Because there's no such thing as too much cheese. Unrolling the braciole of consciousness; shaping the meatball of life. Because everything is funny; you just need to view it from the proper angle. Good for cats. Made in Poland. Because everything is like a hat. You know how those gorillas can be... Very unforgiving.

Sunday, June 27, 2004

Yeah, the rubber chicken... I remember that thing. I remember all of it -- buying it at the novelty counter at the Avenue I Flea Market in Brooklyn. Grandly introducing it at awkward moments. Firmly establishing my geek-credentials even in the tender years of seventh grade.

That was the late 70s. There are television comedies today that focus on the ridiculous aspects of the 1970s. There should be a show about 38th Street in the late 70s. It would be more tragi-comedy. With a touch of noire.

Joey already mentioned the apartment buildings on the corner that seemed to be in flames every other week -- a community event like no other that brought out the whole neighborhood to gawk at the flames and watch the firefighter lazily battle the blaze.

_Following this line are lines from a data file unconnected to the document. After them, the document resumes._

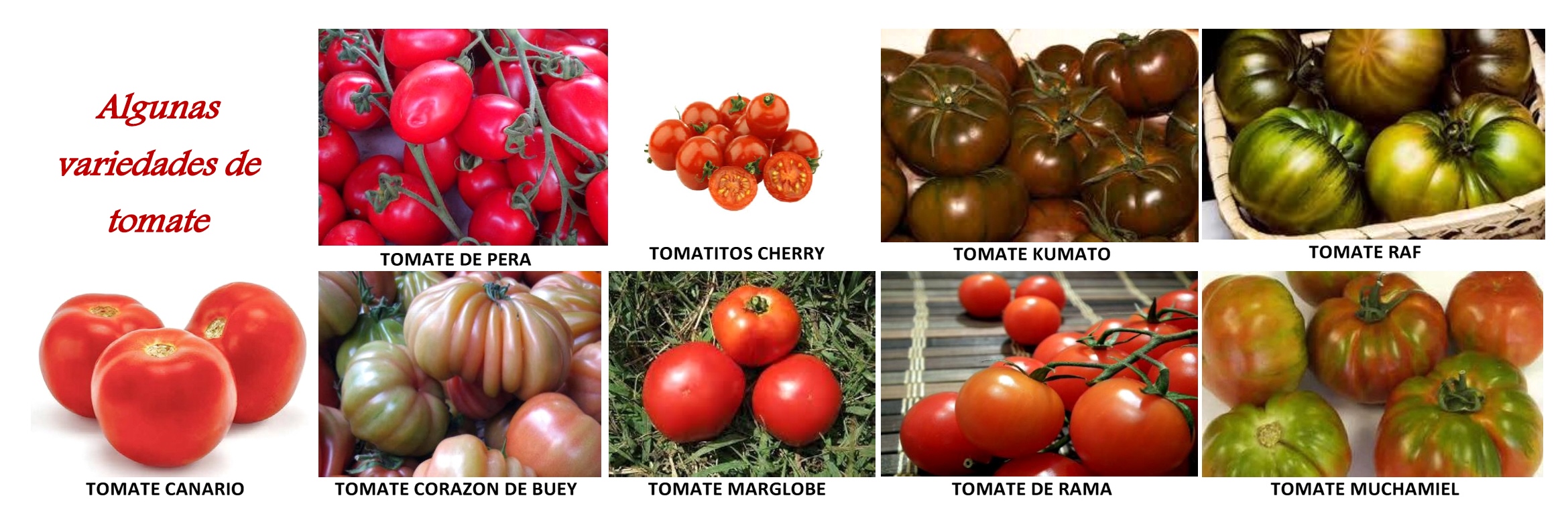 Hay muchas más variedades de tomates pero una característica común a todas ellas es su alto contenido en licopenos. Los licopenos son unas sustancias naturales presentes en mayor concentración en la piel del tomate, tienen propiedades antioxidantes y ayudan a reducir el colesterol.
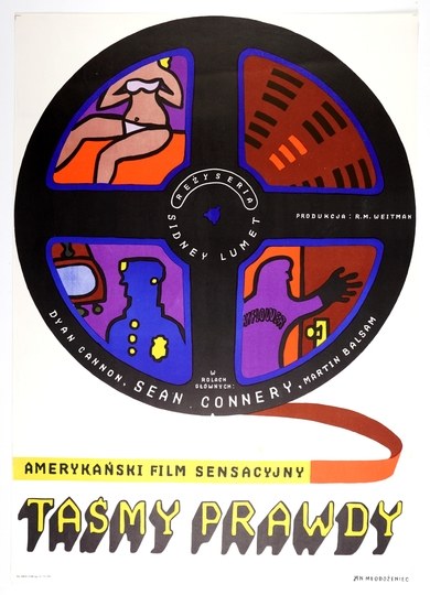 Plakat filmowy form. 82,3x58 cm. Szpula taśmy filmowej z wkomponowanymi czterema scenami z filmu. Film amerykański (oryg. "The Anderson Tapes"). Reż. S. Lumet. Wyst. S. Connery, D. Cannon. Stan dobry.
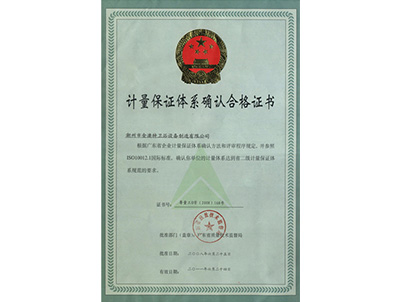 計(jì)量保證體系確認(rèn)合格證書
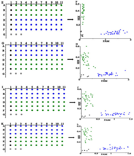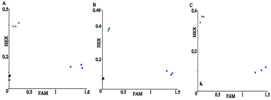 Genotyping results of different templates. Note: (A–C) show the screening results of 452, 484, 501 sites. The blue, green and black signal point represent FAM wild type, HEX mutant type and no amplification respectively, and the gray signal points represent negative control.
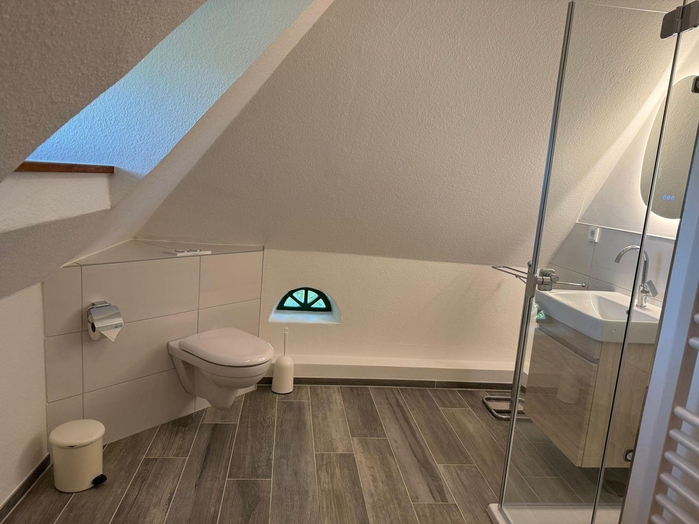 OG - Große Empore als Wohn-/Schlafbereich mit 2 Betten (Schlafsofa), Duschbad/WC, Abstellraum. Großer Naturgarten mit Sitzecke und Schilfteich, zwei PKW-Stellplätze. Haustiere nicht erlaubt.

Those weren't the only fires we saw. Stolen cars were rugularly dumped, stripped and torched on our street or under the tracks on 37th Street where we could still see the flames quite clearly.

Not completely unrelated to the fires was the fire hydrant, which was opened on hot days to allow delinquent teens to cool off even while lowering the local water pressure to dangerous levels. In more bucolic environs you can judge the heat of the day by how long the crickets chirp; on 38th Street we listened for the sound of tin cans scraping against the concrete (by shearing off both lids of a can, you'd have a tin tube that you could stick in the water stream and aim water at your cohorts). The city tried repeatedly to get the locals to use a sprinkler cap and even botled one on uder a thick metal brace. Neat trick: once ripped off, the brace became a handy-dandy wrench for turning the non-standard five-sided valve at the hydrant top).

And finally, there was the after-hours entertainment. Home grown acts included bongo-playing marathons; high-tech parties called for stereo sound systems. Remember: this was the 1970s, and the idea of portable hi-fi had not yet been perfected. So when the neighborhoos kids wanted to enjoy dance music al fresco, they rolled up a giant console-furniture style stereo system. It was indeed a curious site. And when we saw the behemoth arrive we wondered, briefly, how they would power such an appliance from the edge of a city playground.

But they were way ahead of us. These brave geniuses opened the service plate at the base of the lamp-post and cut the power to the light. They then plugged in their stereo and boom boom boom, there was disco all night. Really loud disco. All night.

Yes, living on 38th Street was an interesting experience -- one that others have a hard time appreciating. In fact, I remember starting seventh grade and being assigned the perennial favorite: "what I did on my summer vacation."

What I did? Well, I watched all that crap transpire on my street. So I wrote it up and submitted it.

I got an A. But my teacher circled the part where I had described the feat of pluggging the stereo into the lamp-post. In the margin she wrote: "You have quite an imagination."

In short, she didn't believe me. I was devastated. That was probably what drove me to my life of geek-ery.